Today has been a big day for Hudson in the sense that he’s been bugged a lot. They are currently putting in a central venus line which is also going to be used for the Cath they plan to do to figure out what will need to be done surgically for him. I had to step out because I can’t handle all the pokes they give him even though he is sedated and supposedly doesn’t feel anything, I hate it. Every time they do some procedure as putting in a line, they sedate him even more and paralyze him so he doens’t move. I can’t handle all the drugs that are being pumped in him, some seem so unnecessary, but they give them as precautions UGHH!!! it’s so frustrating and he’s so little, how does he put up with all of this, only by the grace of God, it’s painful for me as a mother watching my little angel be poked around and bruised, I almost want sedation myself so I dont’ feel any emotion. I am glad Chris is here with me because he’s the stronger one in that sense and he’s the one that speaks up for both of us, even though I have learned to advocate for my son’s well being pretty well, I still need the additional support from him. He is in there with him while they attempt for the second time to put in the central venus line, it is almost like a surgical procedure. Yesterday we didn’t leave his bedside until around midnight just because Chris was having a friendly discussion (debating) with the Dr’s on what he thinks is best for our son and I totally agree with him which is to back off on the drugs instead of adding new ones, and start to ween him of them. Needless to say I don’t know if we are in their favourite books because we ask so many q’s and have too many opinions, but he’s our son. Some Dr’s are amazing and you can tell they genuinely feel compassion , others not so much. As a mom, I care about the little things when the nurses take the time to make him comfortable and not with drugs but just a simple rubbing his forehead or putting some vaseline on his little lips so they don’t crack, putting warm blankies on his little feet that tend to be cold because of his circulation.
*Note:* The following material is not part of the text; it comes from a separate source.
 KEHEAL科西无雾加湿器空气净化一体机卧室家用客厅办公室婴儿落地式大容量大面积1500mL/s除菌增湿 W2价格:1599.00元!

Anyways, considering how we went from almost being home to getting air ambulanced here, we are thankful the Dr’s made the decision to send us here, because hands down this team is amazing and full of knowledge when it comes to Hudson’s heart condition.
We have managed to get a room at the Ronald Mcdonald house again and everyone has been incredibly helpful. There is still some familes that we met from the first time we stayed there which is nice to see, but at same time it’s hard because we know they are either still waiting for a transplant or still have child in hospital and so on.
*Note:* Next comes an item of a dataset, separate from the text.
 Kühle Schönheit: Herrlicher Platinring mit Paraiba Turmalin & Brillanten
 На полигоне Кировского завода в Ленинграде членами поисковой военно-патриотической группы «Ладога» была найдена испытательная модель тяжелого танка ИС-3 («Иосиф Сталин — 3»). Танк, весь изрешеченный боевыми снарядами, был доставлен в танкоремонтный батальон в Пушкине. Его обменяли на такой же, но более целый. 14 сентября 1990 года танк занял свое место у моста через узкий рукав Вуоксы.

Hopefully, we will get more concrete answers once they have their teleconference with the Vancouver team.
We continue to hold onto Jeremiah 29:11
“For I know the plans I have for you declares the Lord, plans to prosper you and not to harm you, plans to give you HOPE and a FUTURE”
We know God has amazing plans for Hudson and a great future ahead of him. I am being patient and waiting for the time where I can hold him again.
–Gabby
I am in tears right now Gaby! I have not words right now…. my heart is breaking for you and your family. I all I can do is pray really hard and ask my mom to watch over him for you. My love goes out to you and your family!
Chris, I know you are Gaby’s Rock and it Can be hard. If you need anyone to talk to My hubby Jamie would love to be there for you anytime! And so would I.
All good thoughts and prayers coming your way!
Love Nancy, Jamie and Little Hailey.